## EXERCISE AIM
Your answer must be the lines from the one containing "- Sub-Bosque: Um" through the last line below, copied exactly, with no pictures.

Items from a data source:
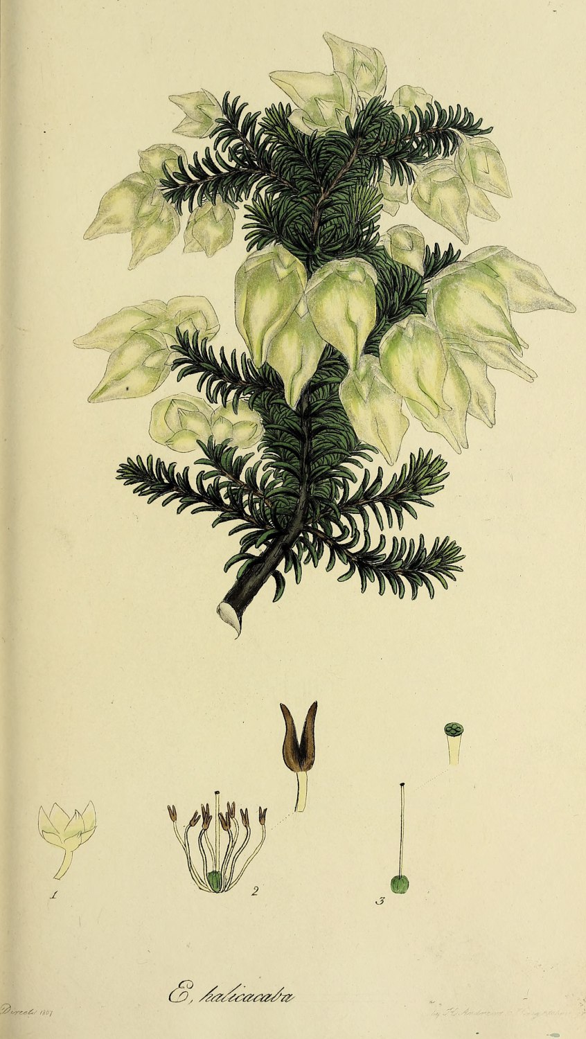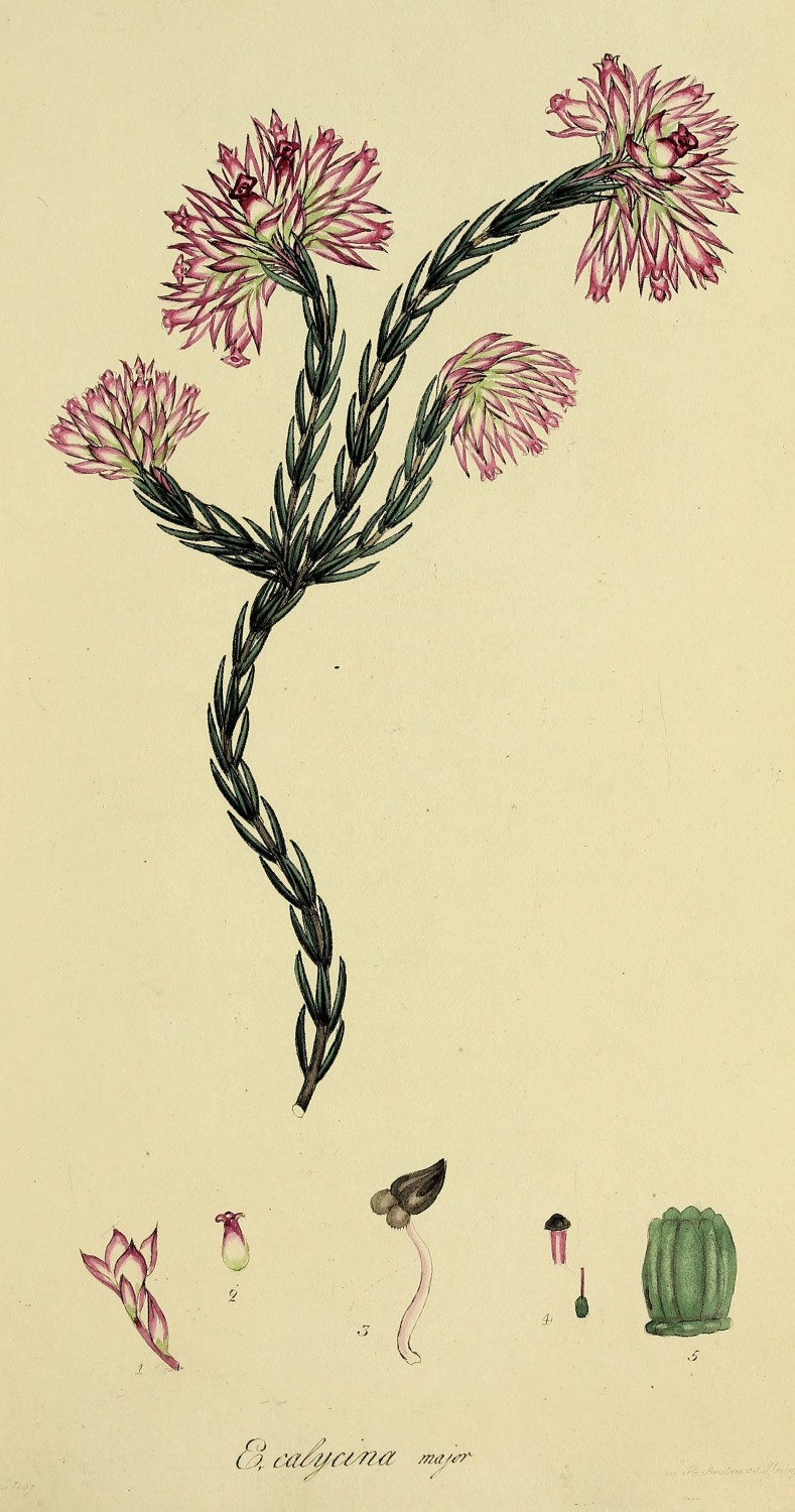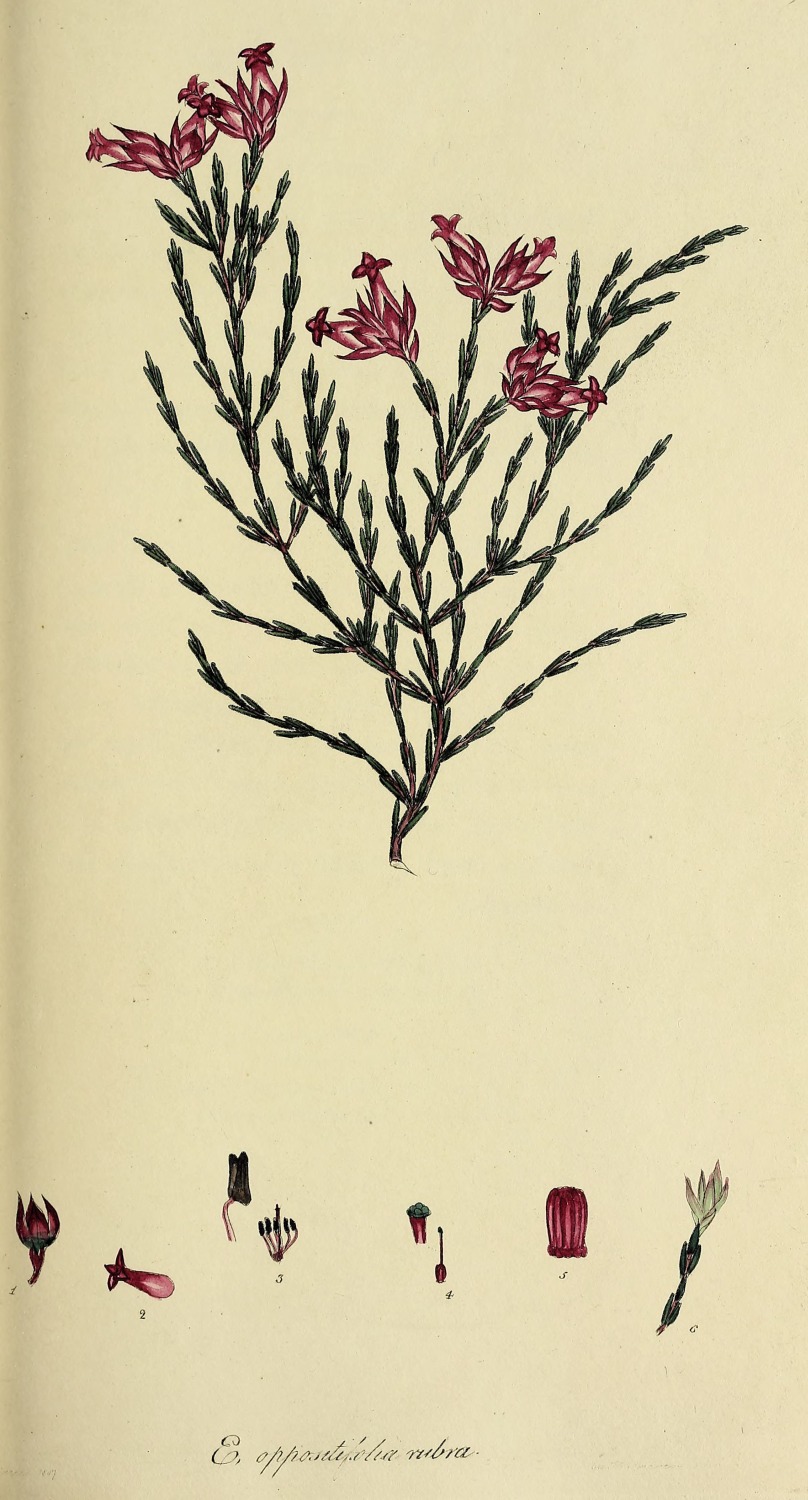 Tips crested, and within the blossom. Flowers terminate the smaller branches in umbels. Footstalks flesh-coloured. Cup four-leaved. Leaflets spathula-shaped, sharp-pointed, flesh-coloured, greenish at the base, and longer than the flower. Blossom pitcher-shaped, of a deep flesh-colour, pale at the base: segments of the border spreading, and sharp-pointed. Leaves by threes, lance-shaped, three-sided, sharp-pointed, and pressed to the branches. Stem twiggy, a foot high. The small and large branches are very flexuose.
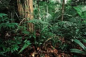 - Sub-Bosque: Um estrato intermediário de árvores jovens, palmeiras e arbustos, adaptados à luz fraca que atravessa o dossel.
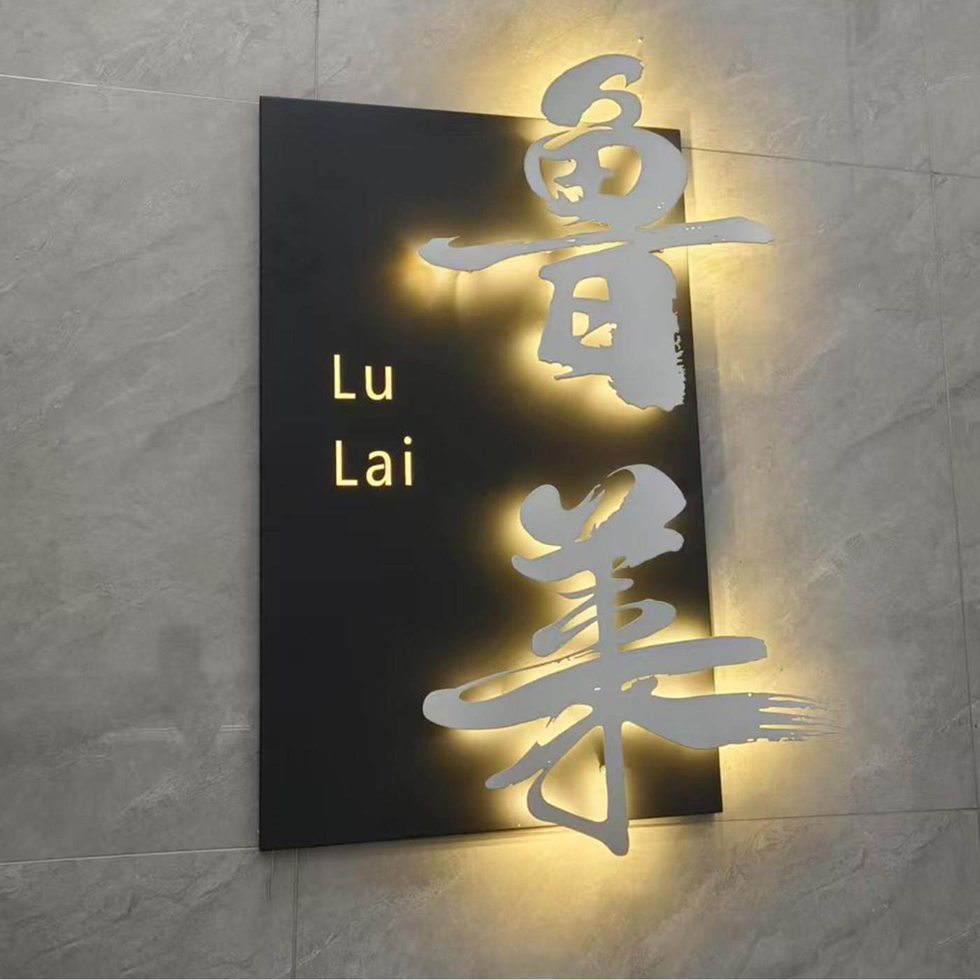 烤漆灯箱黑铁招牌设计生锈背发光字镂空雕刻铁板门头个性创意制作
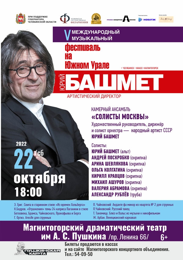 22 октября в 18:00 Концертное объединение приглашает гостей и жителей города на концерт Юрия Башмета, который пройдет в рамках V Международного музыкального фестиваля на Южном Урале при поддержке губернатора Челябинской области.
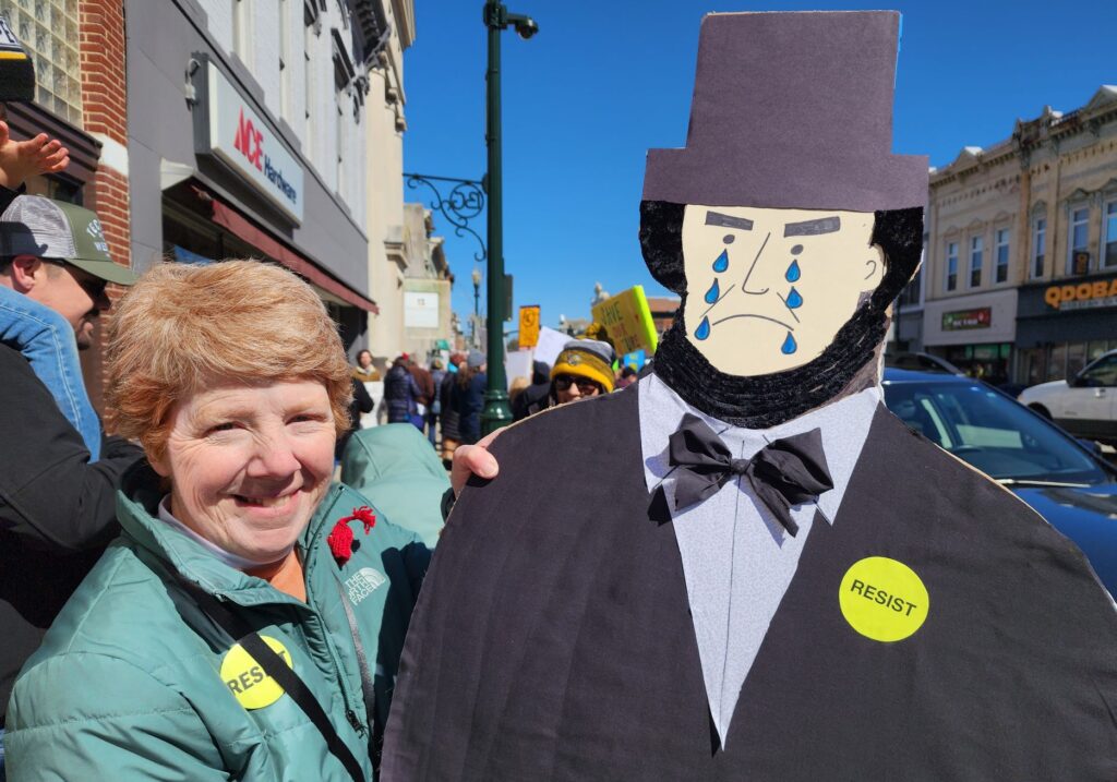 Retired teacher, Carol Slater of Bowling Green, carried a cardboard cutout with a crying George Washington on one side and Abe Lincoln on the other.

## THE COMPLETED TASK
 - Sub-Bosque: Um estrato intermediário de árvores jovens, palmeiras e arbustos, adaptados à luz fraca que atravessa o dossel.
 烤漆灯箱黑铁招牌设计生锈背发光字镂空雕刻铁板门头个性创意制作
 22 октября в 18:00 Концертное объединение приглашает гостей и жителей города на концерт Юрия Башмета, который пройдет в рамках V Международного музыкального фестиваля на Южном Урале при поддержке губернатора Челябинской области.
 Retired teacher, Carol Slater of Bowling Green, carried a cardboard cutout with a crying George Washington on one side and Abe Lincoln on the other.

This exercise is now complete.